===== EXTRACTED INFORMATION =====
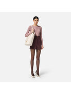 Gonna ELISABETTA FRANCHI in doppio crêpe dalla vestibilità slim. È personalizzata da motivi di zip incorniciati da filetti in nappa tono su tono, la contropiega definisce il volume. Il bottone smaltato con logo aggiunge un dettaglio luminoso. Parte della collezione Essential, per costruire il guardaroba perfetto.
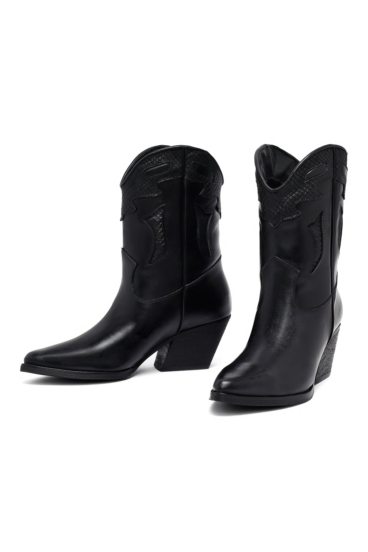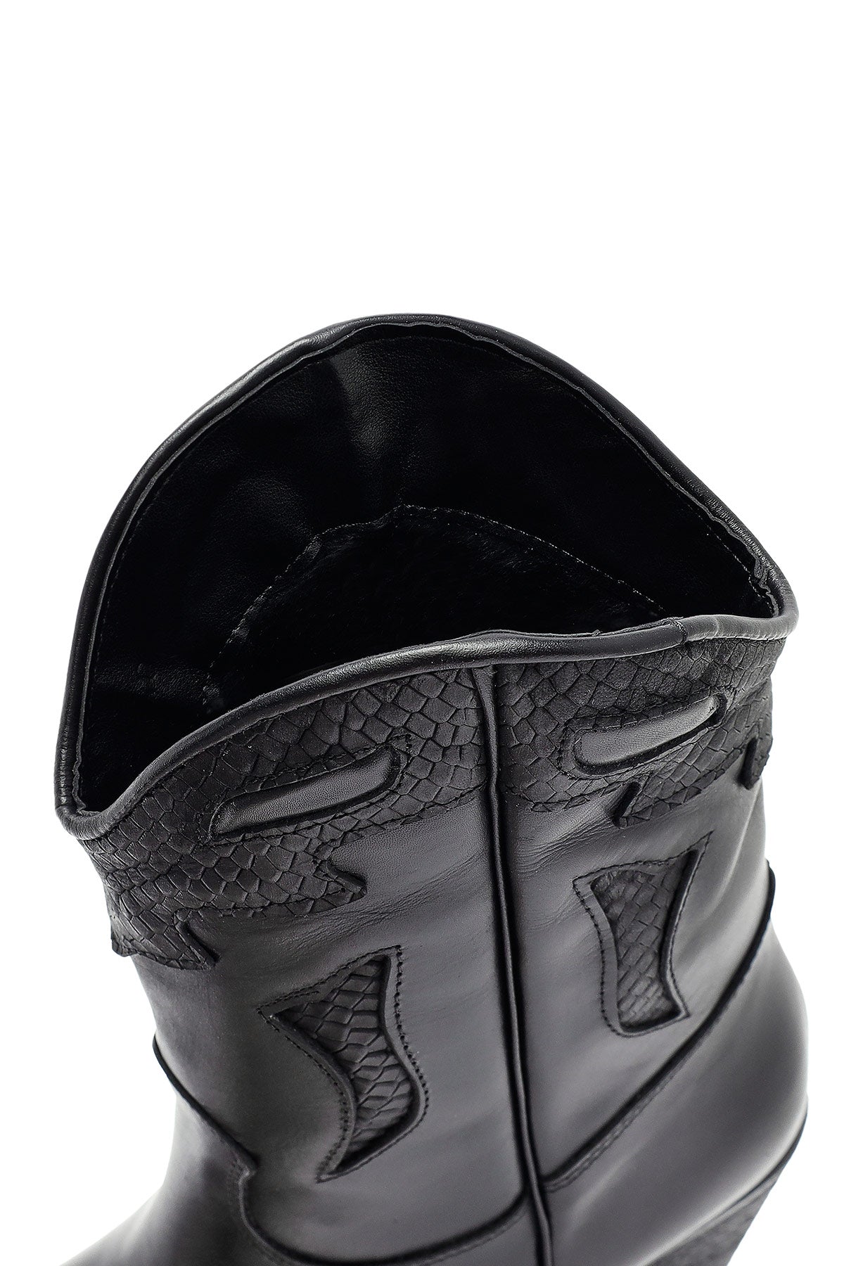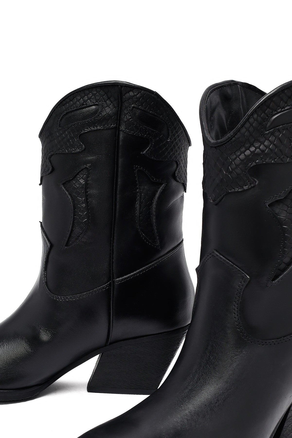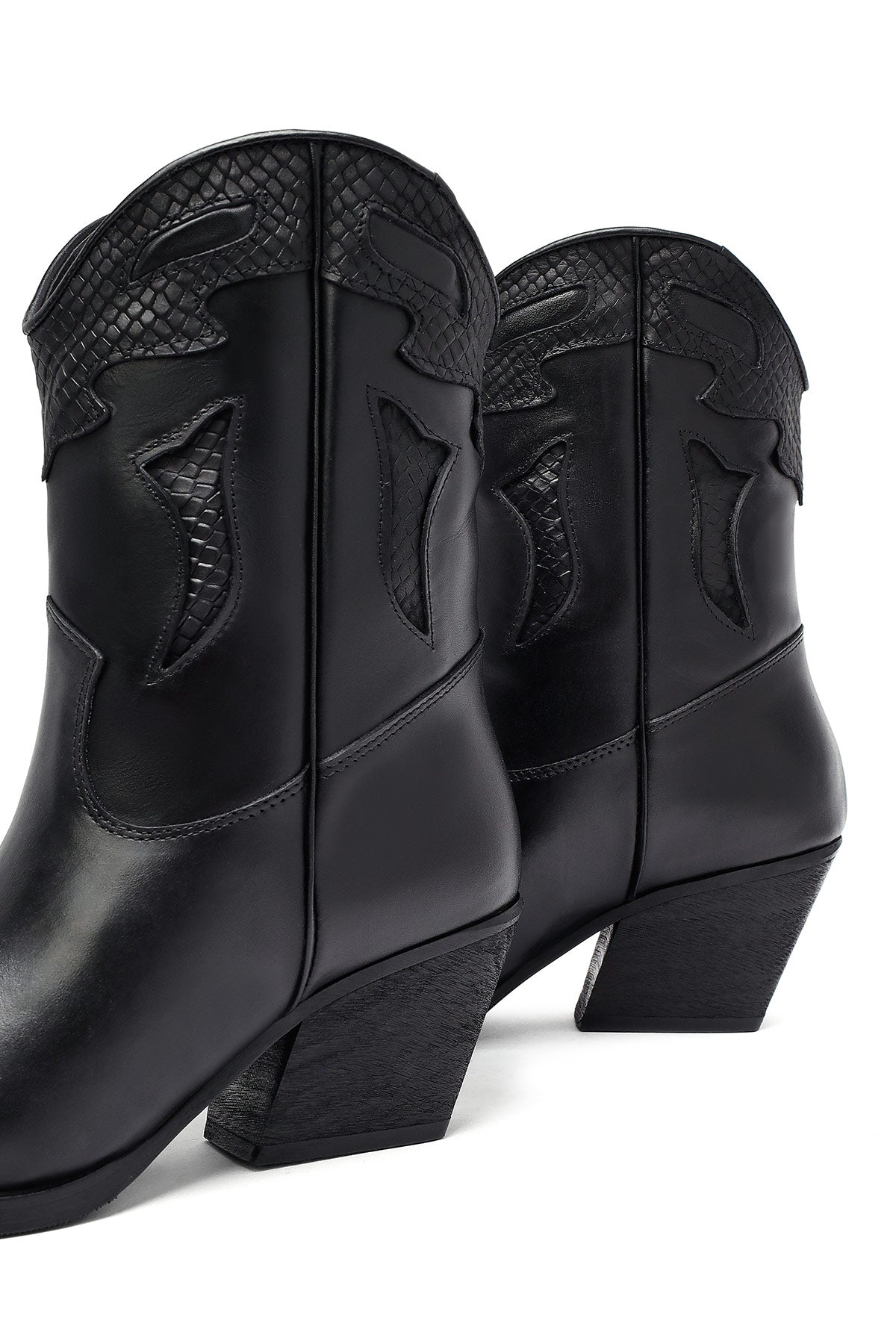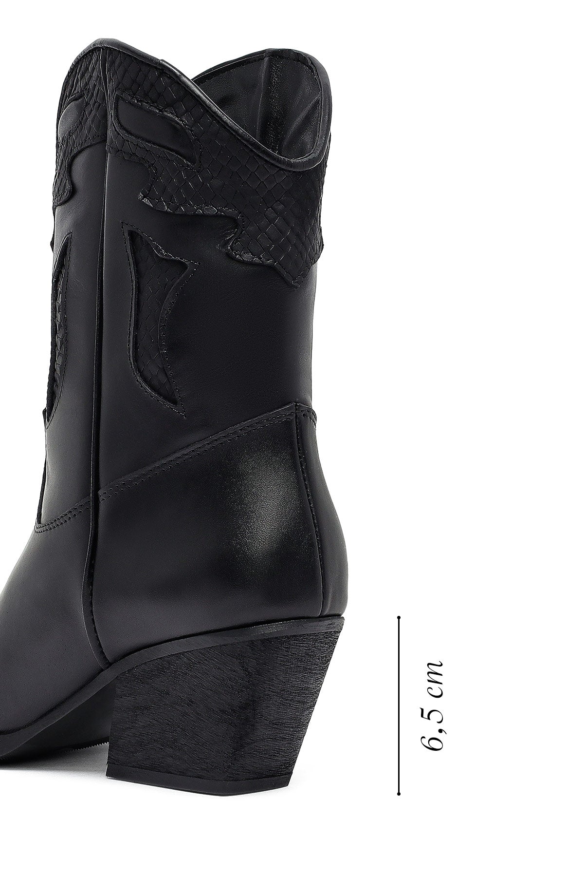 The modern cowboy boot of the winter collection stands out with its black screwed leather upper surface and characteristic western design. The use of fabric lining and the 6.5 cm high heel offer a stylish look. Adapted to today's fashion with classic western stitching and contemporary lines. Especially in autumn and winter months, it perfectly matches both casual and elegant clothing combinations. Usage areas: Ideal for daily activities, city tours, and special invitations. Product code: 25WFD182518
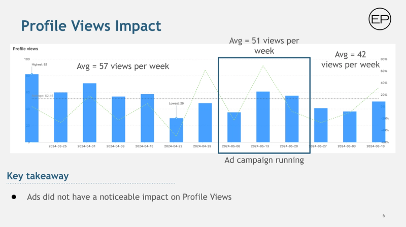 This suggests that while the ads are effective in other areas, they do not necessarily translate to direct LinkedIn profile growth.
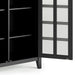 - Features 2 tempered glass doors that open to four adjustable shelves for versatile storage
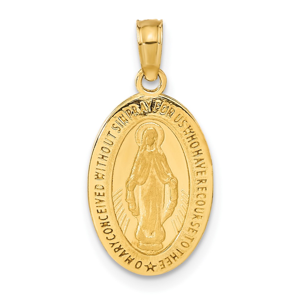 14k Polished and Satin Solid Miraculous Medal Oval Pendant
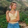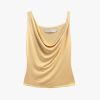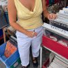 Knit top with a cowl neckline featured in a butter yellow. This top cinches at the waist for a fitted look. This stretchy knit fabric is comfortable and accounts for about 2-3in of stretch all around.
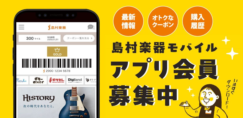 【会員数100万人突破!】公式アプリ「島村楽器モバイル」がマイル2倍付与など、お得なキャンペーンを4月25日(金)~5月6日(火・祝)の期間限定で開催。
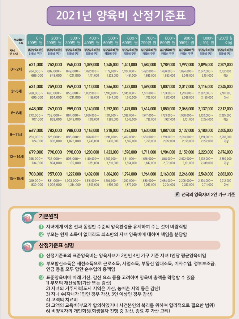 아래는 가장 최근인 2021년 12월 공표된 양육비산정기준표입니다.
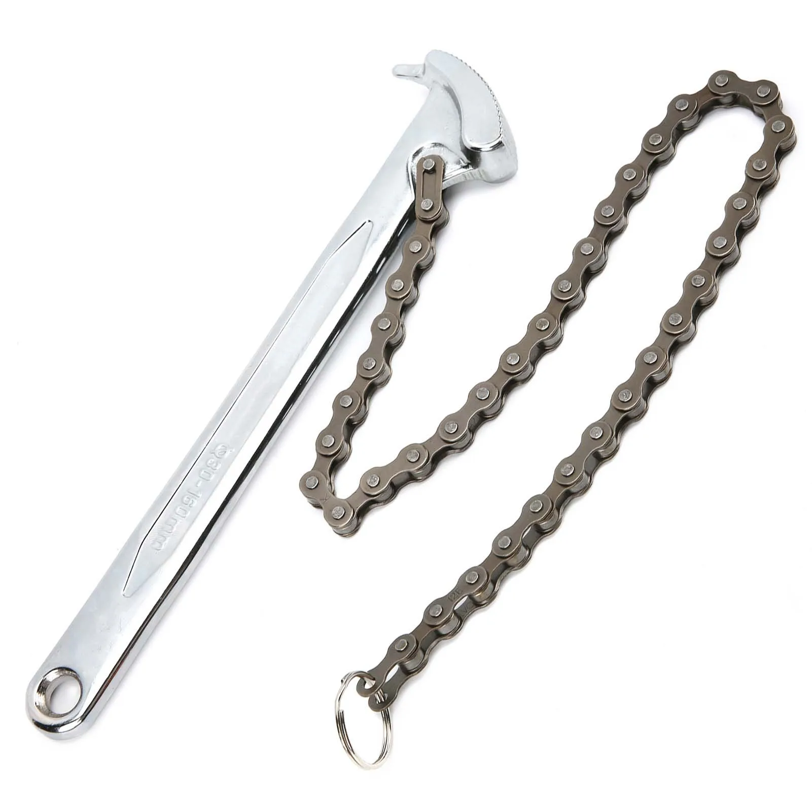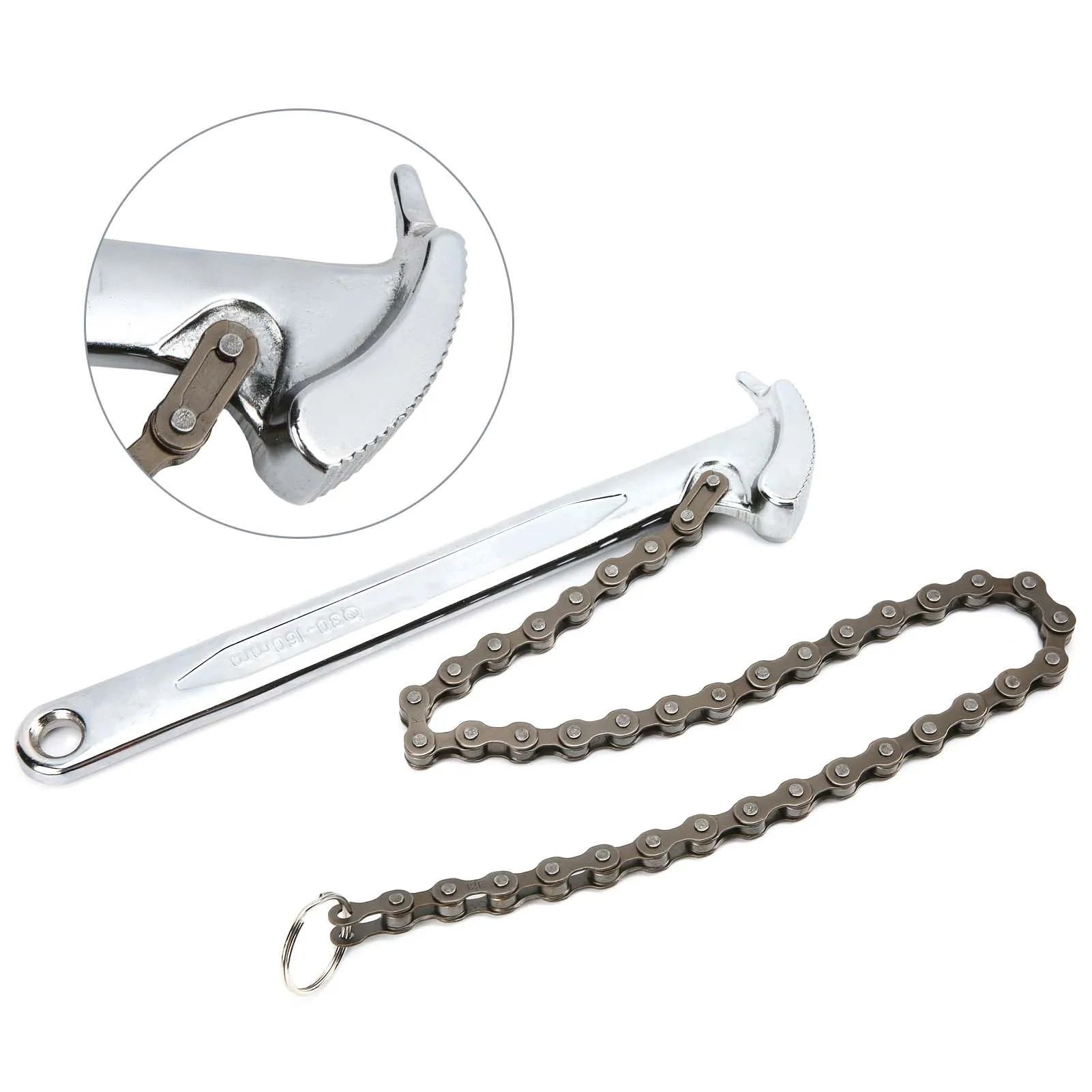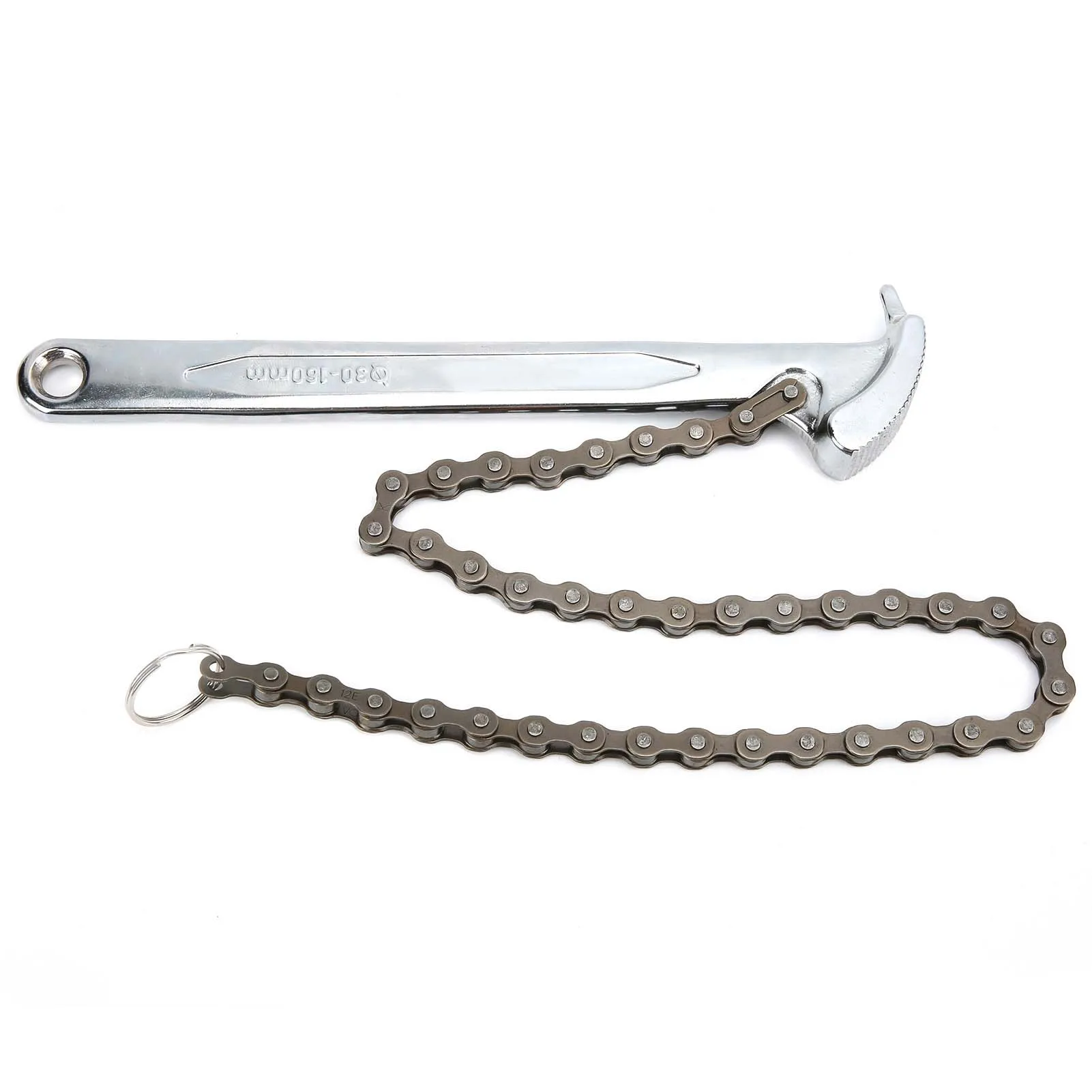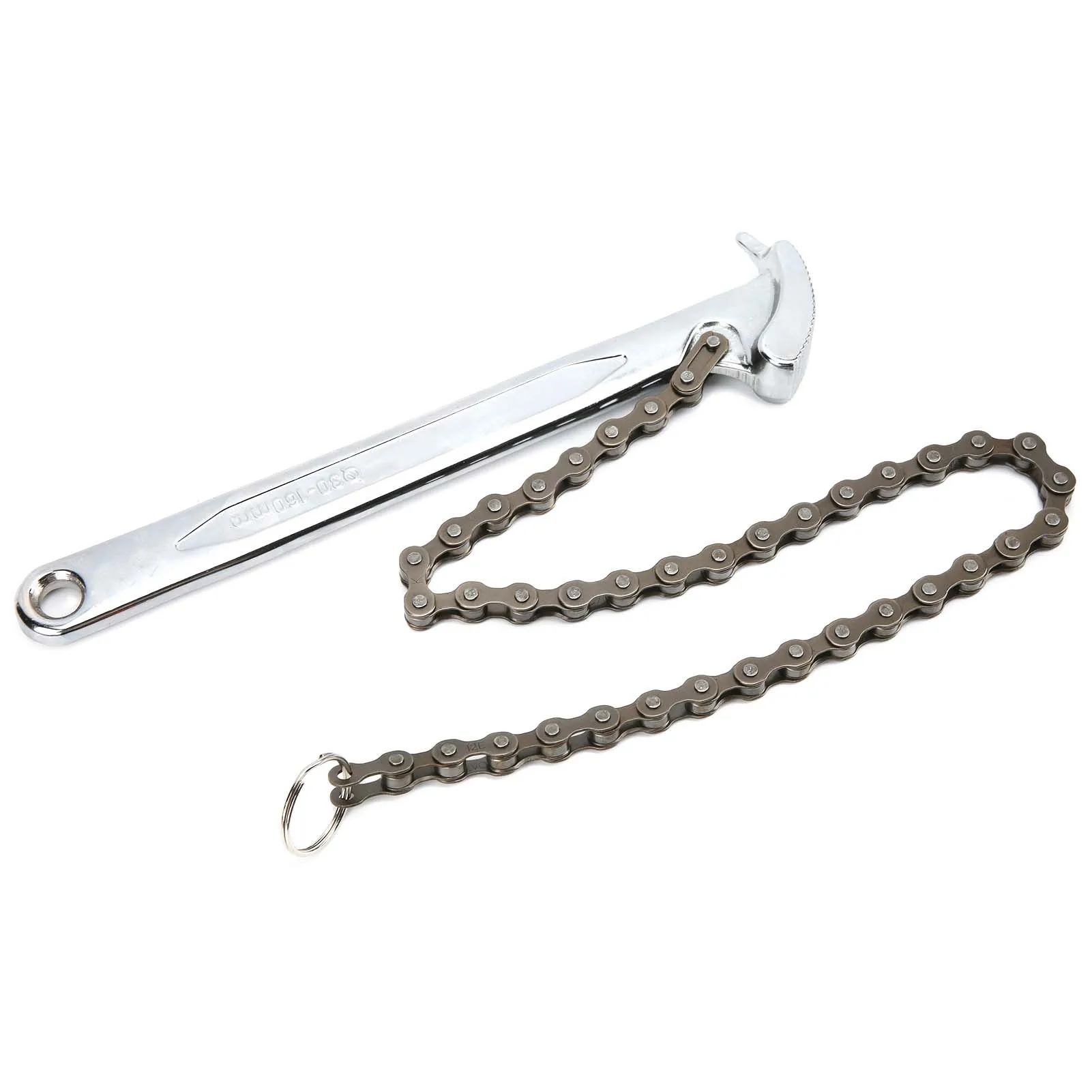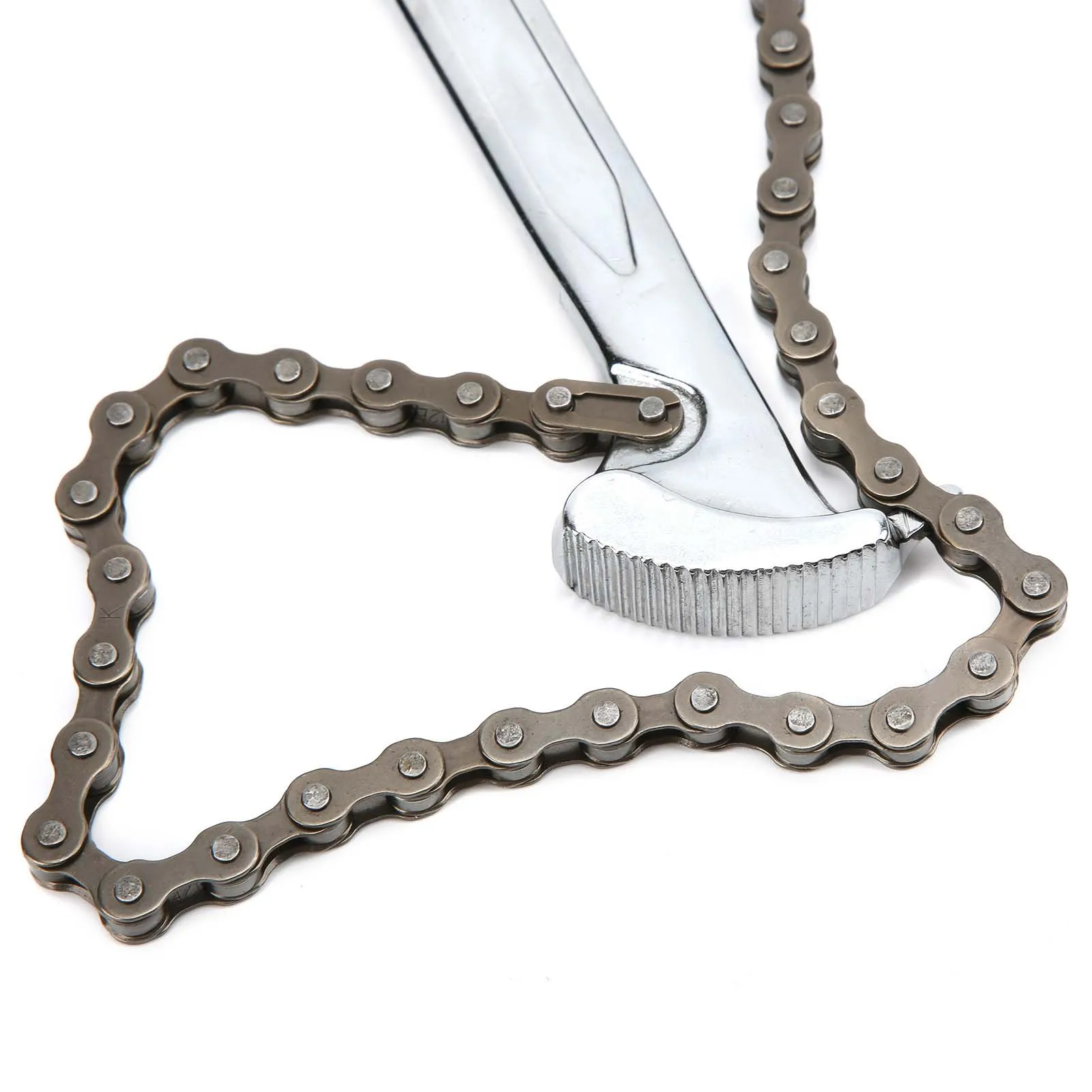 013-KK1104 Zincirli Filtre Anahtarı 9″, otomobillerde, kamyonlarda ve diğer araçlarda yağ filtrelerini ve diğer silindirik filtreleri sökmek ve takmak için tasarlanmış bir alettir. Zincirli tasarımı sayesinde filtrelere sıkıca kavranmasını ve kolayca sökülmesini sağlar.
=====
• YOUR OBJECTIVE
Apart from the pictures, all of the data should be repeated exactly.

• WRITTEN ANSWER
 Gonna ELISABETTA FRANCHI in doppio crêpe dalla vestibilità slim. È personalizzata da motivi di zip incorniciati da filetti in nappa tono su tono, la contropiega definisce il volume. Il bottone smaltato con logo aggiunge un dettaglio luminoso. Parte della collezione Essential, per costruire il guardaroba perfetto.
 The modern cowboy boot of the winter collection stands out with its black screwed leather upper surface and characteristic western design. The use of fabric lining and the 6.5 cm high heel offer a stylish look. Adapted to today's fashion with classic western stitching and contemporary lines. Especially in autumn and winter months, it perfectly matches both casual and elegant clothing combinations. Usage areas: Ideal for daily activities, city tours, and special invitations. Product code: 25WFD182518
 This suggests that while the ads are effective in other areas, they do not necessarily translate to direct LinkedIn profile growth.
 - Features 2 tempered glass doors that open to four adjustable shelves for versatile storage
 14k Polished and Satin Solid Miraculous Medal Oval Pendant
 Knit top with a cowl neckline featured in a butter yellow. This top cinches at the waist for a fitted look. This stretchy knit fabric is comfortable and accounts for about 2-3in of stretch all around.
 【会員数100万人突破!】公式アプリ「島村楽器モバイル」がマイル2倍付与など、お得なキャンペーンを4月25日(金)~5月6日(火・祝)の期間限定で開催。
 아래는 가장 최근인 2021년 12월 공표된 양육비산정기준표입니다.
 013-KK1104 Zincirli Filtre Anahtarı 9″, otomobillerde, kamyonlarda ve diğer araçlarda yağ filtrelerini ve diğer silindirik filtreleri sökmek ve takmak için tasarlanmış bir alettir. Zincirli tasarımı sayesinde filtrelere sıkıca kavranmasını ve kolayca sökülmesini sağlar.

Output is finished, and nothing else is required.